Motorcyclists blamed as road fatalities spiral to 1,127 since 2013
Motorcyclists pushing up road fatalities, says NRSCThursday, April 07, 2016
THE National Road Safety Council (NRSC) has pointed to the increasing number of motorcycles on the nation’s roads as the reason for the upsurge in crashes and fatalities across the island since 2013.
NRSC Vice-Chairman Dr Lucien Jones and his team yesterday met with chairman of the council, Prime Minister Andrew Holness, at Jamaica House to discuss this concern, among other issues.
"The people who ride motorcycles are not required to have a licence. They can get a permit and drive with that permit forever; (and) part of the problem is that people are driving and they cannot drive these motorcycles," Dr Jones stated during a session with journalists following the meeting.
Director of the NRSC Earl Jarrett pointed out, too, that a large number of bikes have been imported from China, and that it has in fact been found that the motorcycles with the highest number of crashes is a brand from that country. He said that, although these are entry-level and not speed bikes, people are speeding beyond the capacity of the vehicles and overtaking inappropriately, among other reckless behaviour that lead to crashes.
The parishes of Westmoreland, St Andrew, St Catherine, and St Elizabeth account for the most motorcycle crashes with the main age groups among the dead being 20- to 40-year-olds. According to the NRSC, the majority of them were not wearing helmets.
The council’s latest statistics show that 112 per cent more motorcyclists died in 2015 than in 2014, while there was a 15 per cent drop in the number of pedestrians killed over the same period.
"It is clear that there needs to be specific affirmative action to deal with the motorcycle crashes. The police say it’s difficult to catch them because they speed away. It’s an issue that we have to continue to focus on, if we want to reduce the levels of crashes," Dr Jones insisted.
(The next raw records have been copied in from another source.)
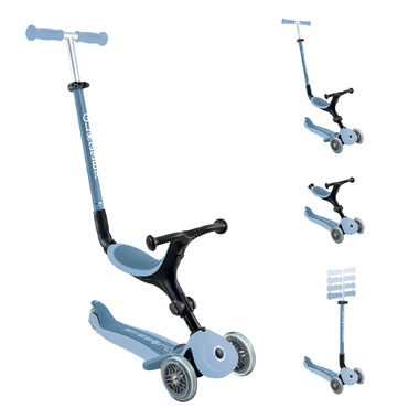 A greener world on wheels! The Globber GO UP ACTIVE ECO is an eco-friendly 3-wheel scooter with seat, designed to grow with your child from 15 months to 9+ years. Made from biodegradable wheat-straw and 100% Global Recycled Standard plastic, this innovative scooter helps families make sustainable choices without sacrificing fun or performance. This versatile ride transforms from a ride-on to a walking bike, and finally into a 3-wheel scooter, adapting perfectly to your childs developmental stages. The tool-free design makes adjustments effortless, while the patented steering lock system and low deck ensure balance, stability, and confidence at every step.
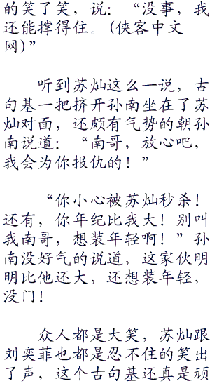 “你这是偷奸耍滑,苏灿跟孙南大哥比过了,手肯定没力了,你这个时候来比,太奸诈了!”张靓影揭穿了古句基的小心思,也正如张靓影所说的那样,古句基的小算盘打得贼响。
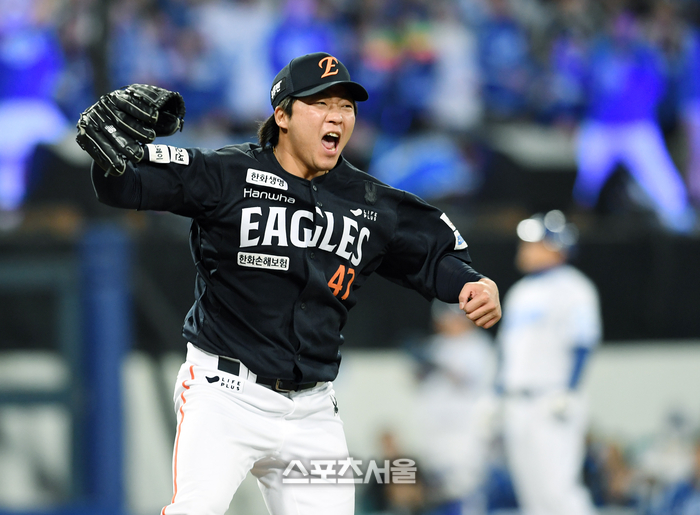 한화 투수 김범수가 22일 대구 삼성라이온즈파크에서 열린 2025 KBO리그 삼성과의 플레이오프 4차전 4회말 2사 2루 상황에서 삼성 박병호를 삼진으로 잡아낸 뒤 포효하고 있다. 2025. 10. 22.
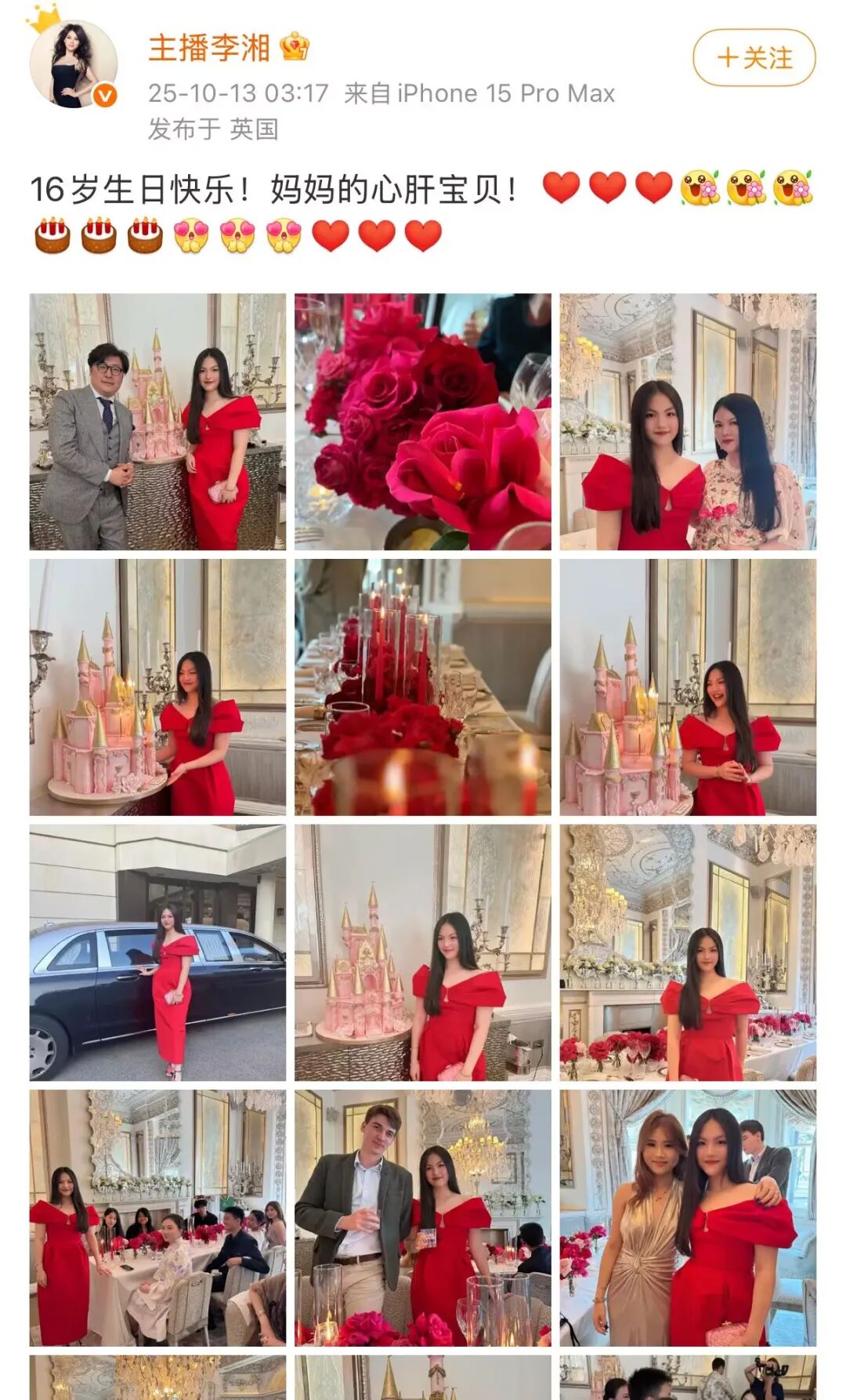 北京时间10月13日凌晨3时许,李湘在社交账号晒出了18张图,分享在英国为女儿庆祝16岁生日的欢乐场景。她还称王诗龄为“妈妈的心肝宝贝”,字里行间都透露着宠溺。
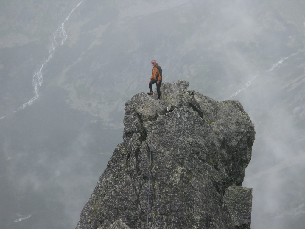 Predbehneme dvoch zúfalých Poliakov, ktorí si dávajú prilby a súkajú na seba kompletnú výstroj a rýchlo za začínajúceho dažďa zliezame pod nástup. Rovnako rýchlo sme hore. Chalani ostávajú na vrchole a ja sa rýchlo vraciam späť uloviť nejaké fotky. Nakoniec sa hmla trošku rozostúpi a výsledok si môžete pozrieť.
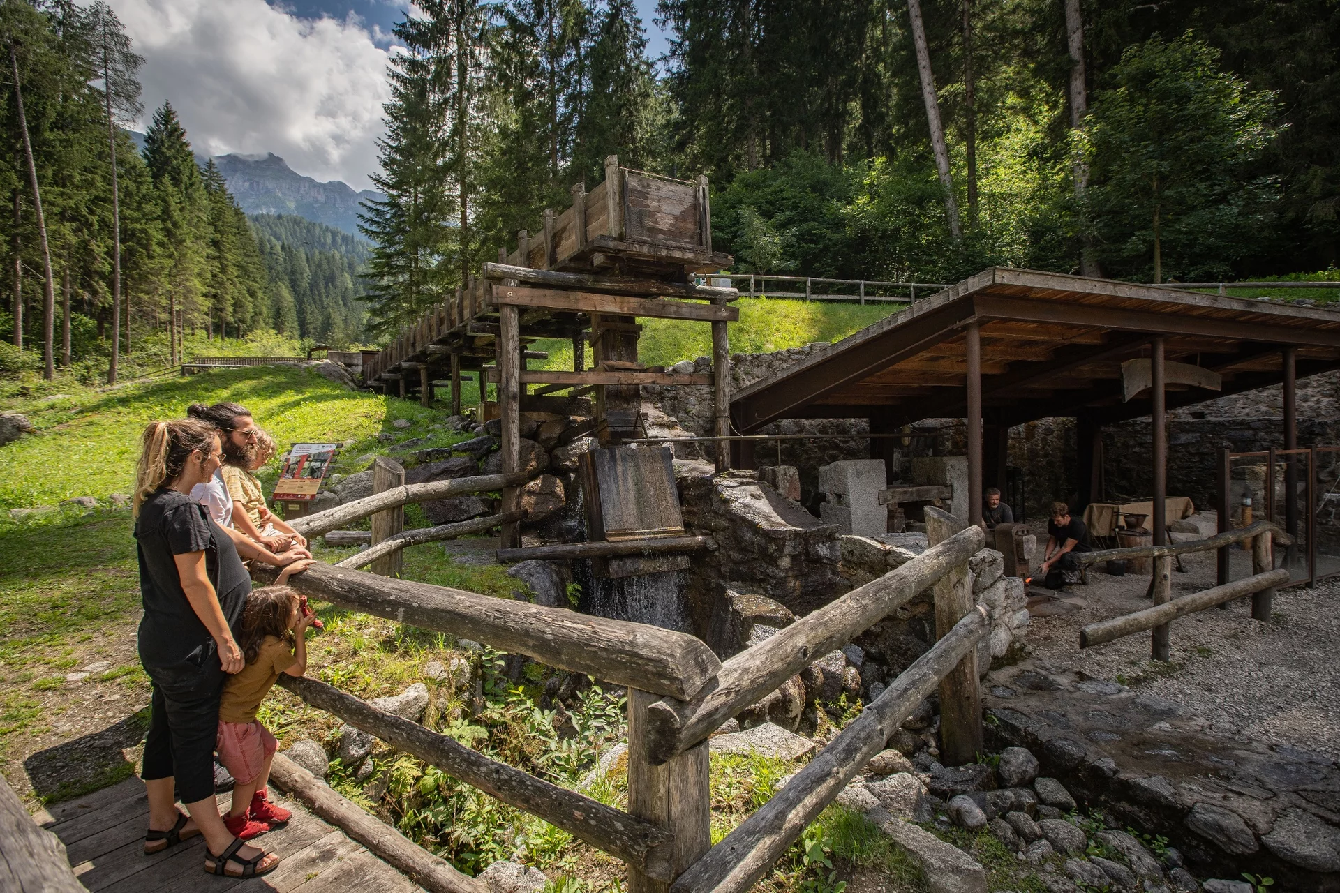 La passeggiata ha come punto di partenza l’antica Segheria Veneziana che si trova all’estremità dell’abitato di Dimaro, sulla strada che porta a Madonna di Campiglio. Prenditi del tempo per visitarla e per osservare i suoi affascinanti meccanismi in legno e ferro in funzione. Dalla segheria, dopo un breve tratto di sentiero si passa sotto la strada statale con un sottopasso e s’imbocca la strada sterrata che risale lungo il torrente Meledrio. Qui si passa prima davanti ad un’antica fucina ristrutturata, poi ad una vecchia calcara, fino a giungere nei pressi della centrale idroelettrica del comune di Dimaro Folgarida. Da qui, si può rientrare a Dimaro dallo stesso percorso lungo la magnifica Val Meledrio. In alternativa, dal maglio è possibile attraversare la passerella sul torrente Meledrio, imboccando il sentiero pianeggiante della “léc” (termine dialettale per definire il canale di irrigazione per le campagne, ora in disuso) che porta in località “Gnoca” dove è presente un piccolo parco. Da qui si scende fino alla chiesa di Carciato per poi rientrare a Dimaro tramite comodo marciapiede.
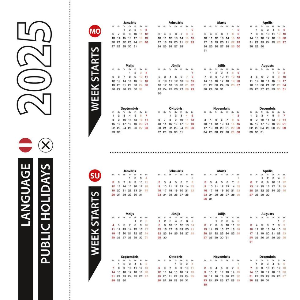 Two versions of 2025 calendar in Latvian, week starts from Monday and week starts from Sunday. Pro Vector
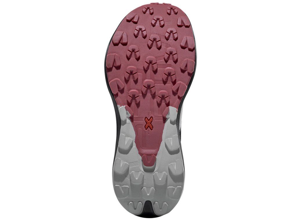 Základem boty je inovativní mezipodešev XFlow™ Endurance, která kombinuje vysokou úroveň tlumení, odolnost a stabilitu. Zvýšené tlumení (37 mm pata / 31 mm špička) chrání nohy před únavou a nárazy, a to i při běhu na tvrdém povrchu nebo v kamenitém terénu. Stabilní platforma (cca 85mm pata/ 110mm špička) vám zaručí jistotu došlapu i v technickém terénu. Podrážka FriXion® Red spojuje lepivou gumu v přední části pro jistotu na technických pasážích a odolnější směs v patě pro dlouhou životnost. 4mm špunty poskytují dostatečný záběr na sypkém podkladu, přitom zůstávají komfortní i na tvrdších cestách. Díky této kombinaci se Prodigio Max hodí jak do hor, tak na lesní a šotolinové cesty.

He argued that one of the ways to stem the carnage is to "very quickly" pass the new Road Traffic Act. "What the new Road Traffic Act does is mandate that you will have to have a licence, you will have to have training, and you have to be regulated," he explained.
Transport Minister Lester ‘Mike’ Henry did not give a specific timeline for the passage of the legislation, which has been before Parliament for several months now, but said that it is a priority and would be passed "as quickly as possible".
At the same time, Dr Jones pointed to a generally "very disturbing trend" in road fatalities over the past several years.
"In 1993, an average of 400 people were dying. The council was able to move the figure down to 260 in 2012, but ever since that time we have had an uptick in the number of persons who are dying on our roads… We are driving way too fast in this country, and because of that we are dying in great numbers," he said.
Dr Jones pointed out that between 2013 and Wednesday, 1,127 people had died in crashes. "Which is crazy! We cannot build a country and have this number of persons dying on our roads," he said.
On Tuesday night, two gas station pump attendants and a hotel worker perished in a two-vehicle collision on the northern coastal highway in Trelawny.
The deaths of 23-year-old Janice Brown of Wilson Run, 20-year-old Keno Edwards of Clark’s Town, and 41-year-old Dwight Sutton of Bounty Hall, all in Trelawny, brought the number of people who have perished on the nation’s roads since January to 111. This is up from 105 for the same period last year, and 96 in 2014.
"One of the things that we have noted is that just a little bit of caution could have saved the country the tragedy of losing three lives at one time," Dr Jones said.